Apesar da queda no número de contratações, as entidades do estado se mostraram otimistas. Segundo o presidente da Federação das Câmaras de Dirigentes Lojistas do Amazonas (FCDL-AM), Ezra Azury Benzion, o comércio se mantém aquecido, apesar da pandemia.

“Está faltando mão de obra no comércio. Estamos procurando pessoas qualificadas, pois deve começar a temporada de contratações. O comércio continua aquecido, desde que começou a abertura gradativa das atividades. Estamos bem otimistas, porque vamos ter um número de contratações muito parecido com o número do ano passado”, comentou.

As vagas são para os cargos de vendedor, operador de caixa, atendentes, repositores de mercadorias e embaladores de produtos. O salário médio de admissão para as vagas temporárias deverá ser de R$ 1.319.

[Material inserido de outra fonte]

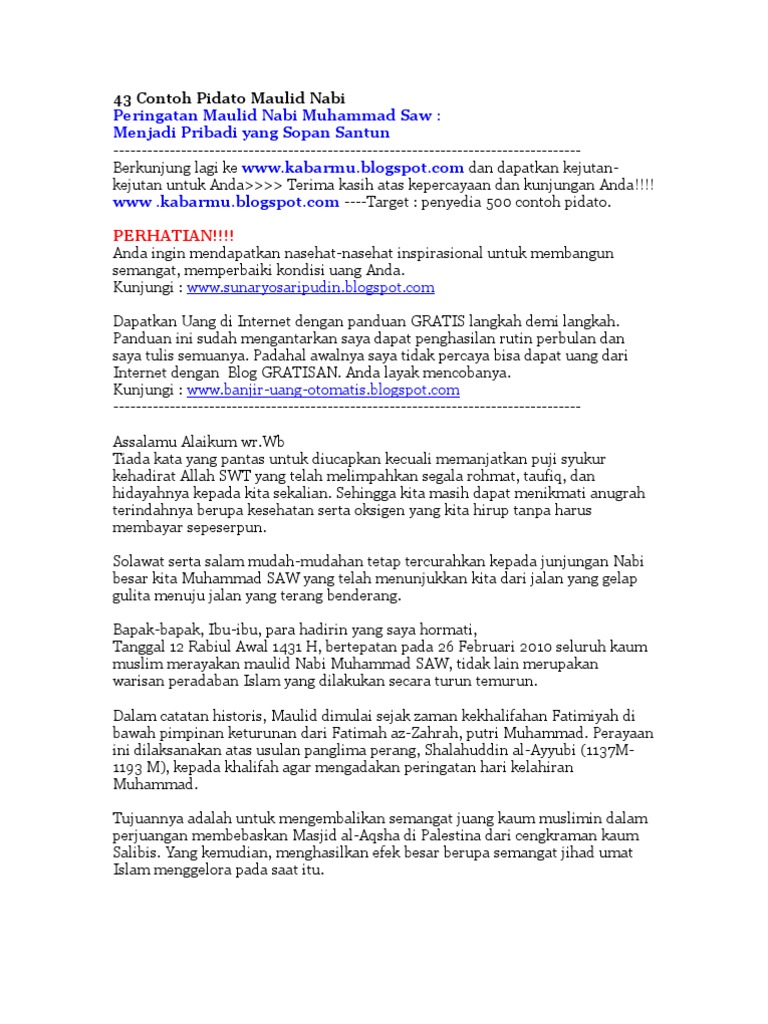Doc Contoh Naskah Pidato Peringatan Maulid Nabi Erti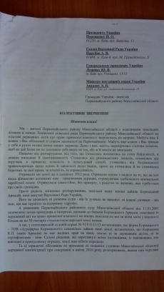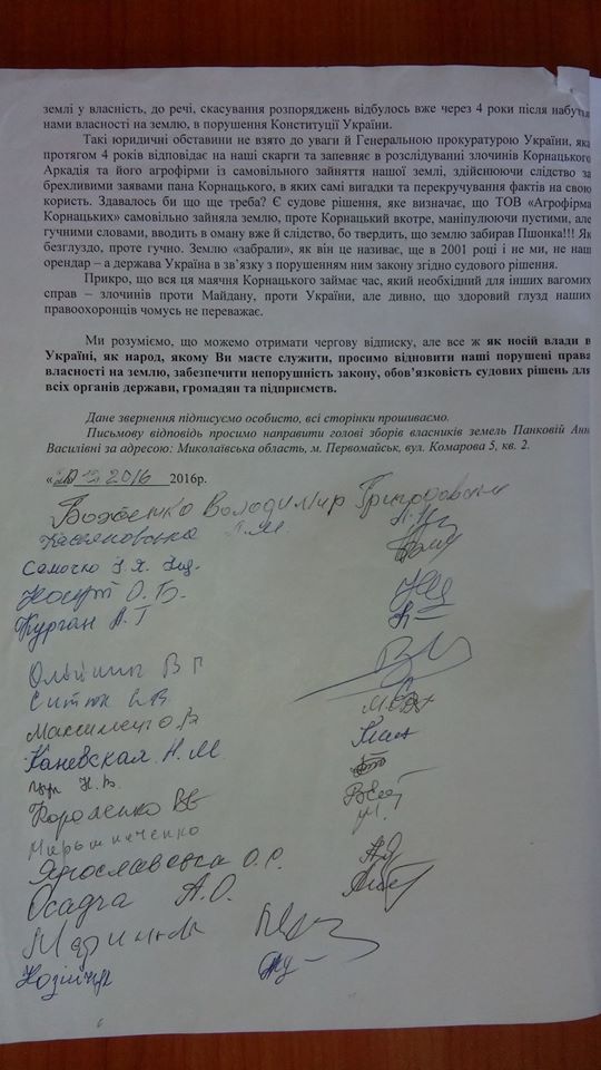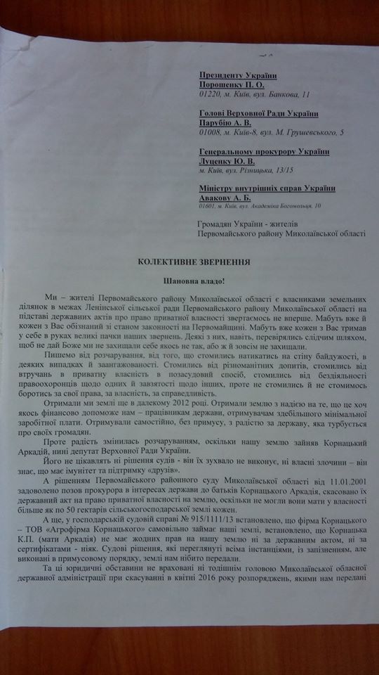 Более полутысячи пайщиков Первомайского района подписали коллективное обращение на имя Президента Украины Петра Порошенко, министра внутренних дел Арсена Авакова, главы Верховной Рады Андрея Парубия, Генерального прокурора Украины Юрия Луценко с просьбой восстановить права на их земельные наделы, захваченные предприятием народного депутата Аркадия Корнацкого «Агрофирмой Корнацкого».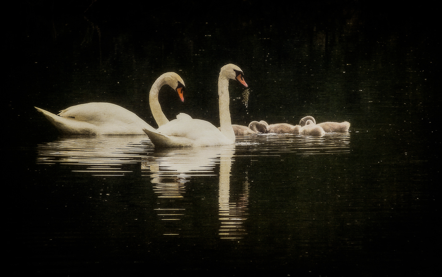 Swan Family feeding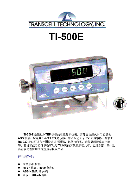 | 產(chǎn)品名稱:Transcell T1-500E-SS 耐用稱重顯示儀表(Indicator) |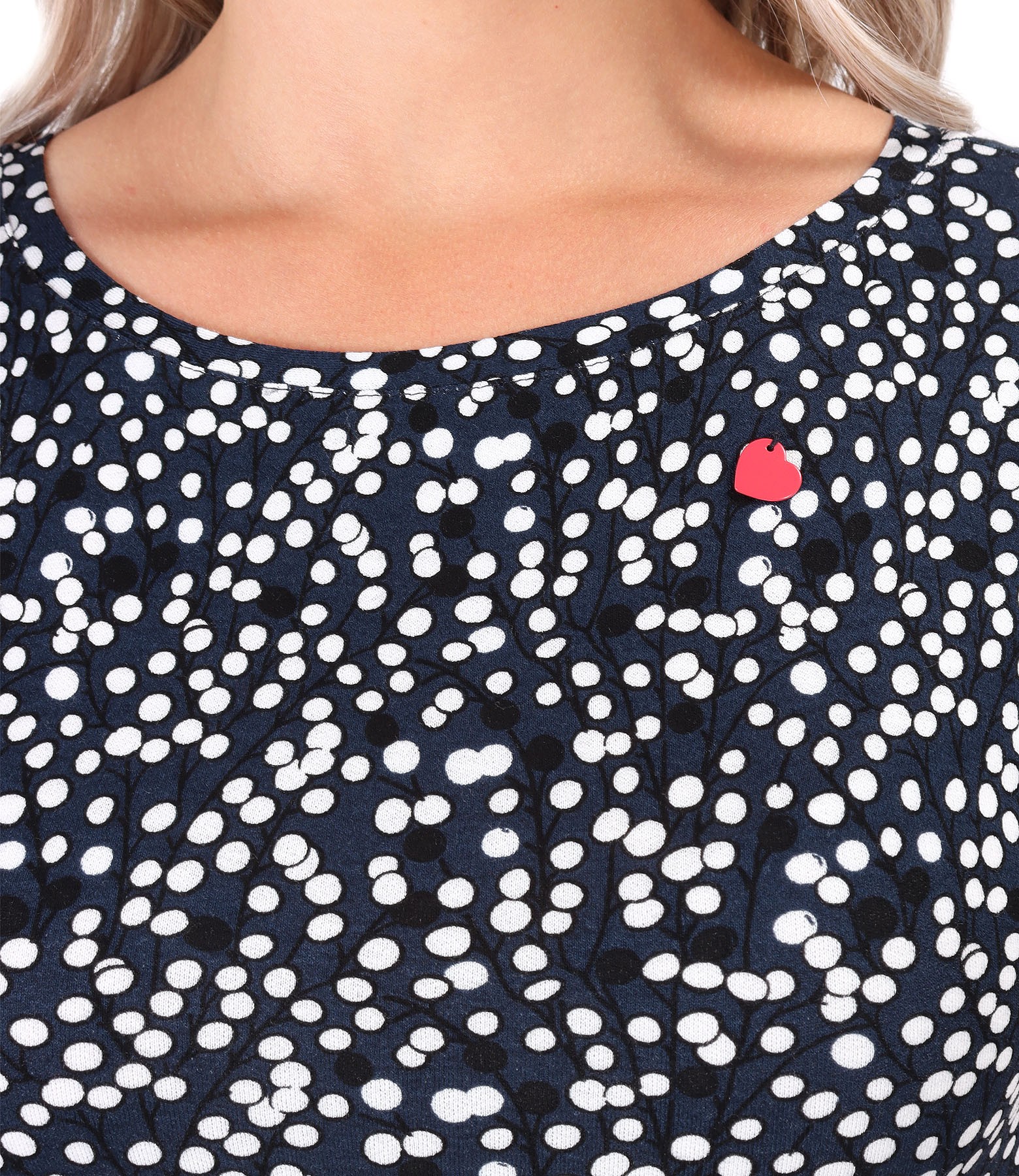 Rochie din jerse elastic de viscoza, imprimat cu picouri si crengute, necaptusita, cu decolteu barcuta cu inima metalica cusuta pe fata si umeri cazuti.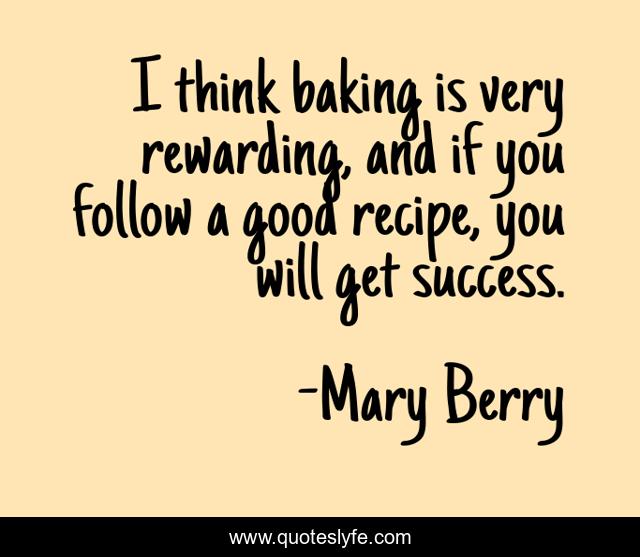 This page presents the quote "I think baking is very rewarding, and if you follow a good recipe, you will get success.". Author of this quote is Mary Berry. This quote is about good, baking, think,.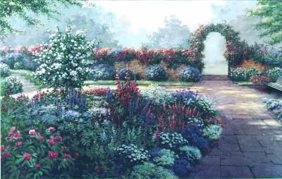 Wallpaper mural has a stone walkway, stairs, a bench, and an archway with blue, white, and mauve flowers and greenery. Each mural has 8 panels measuring 49 1/2 es x 41 es each.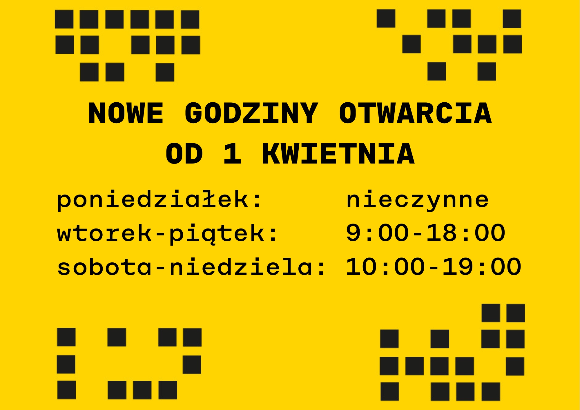 Ze względu na rozpoczynający się sezon letni, wydłużamy godziny działania naszej ekspozycji. Od 1 kwietnia będziecie mogli nas odwiedzać w następujących godzinach: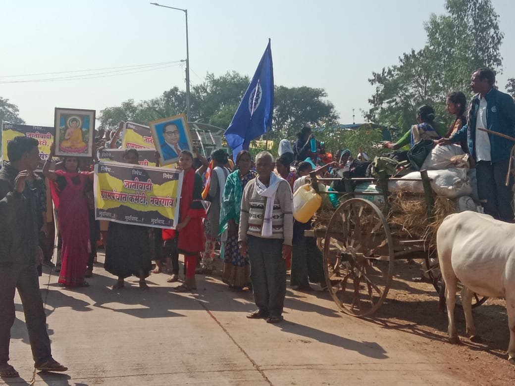 महाराष्ट्र संदेश न्युज ! ऑनलाईन गडचिरोली:- जिल्हातून एक खळबळजनक माहिती समोर आली आहे. येथील चामोर्शी तालुक्यातील नवरगाव (कुनघाडा) येथील आंबेडकरी समाजातील अनेक कुटुंबांनी गाव सोडले आहे. हे सर्व कुटुंब निळ्या ध्वजांसह महिलादेखील मोठ्या संख्येने सहभागी झाल्या आहेत. गावातील डॉ. बाबासाहेब आंबेडकर नावाचे नामफलक पोलीसाच्या मदतीने ग्रामपंचायतने अवैधरित्या हटविण्यात आल्यामुळे अनेक कुटुंबात संताप व्यक्त करण्यात येत आहे. त्यामुळे या आंबेडकरी समाजाने गाव सोडले आहे.

Este ano, a data festiva mais importante para o comércio acontece em um cenário diferente, por conta da pandemia do novo coronavírus e do colapso no sistema de saúde. A nova realidade levou o Estado a adotar medidas contra a propagação do vírus, como a suspensão temporária do comércio de atividades não essenciais, o que resultou num aumento no número de demissões.

Diante de um cenário de incertezas, o comércio foi reaberto pouco mais de dois meses depois de ter sido fechado, após o Estado apontar uma leve redução na quantidade de casos de Covid-19. A reabertura, que aconteceu em ciclos, chegou a ser apontada pelo Governo como uma forma de recuperar a economia local.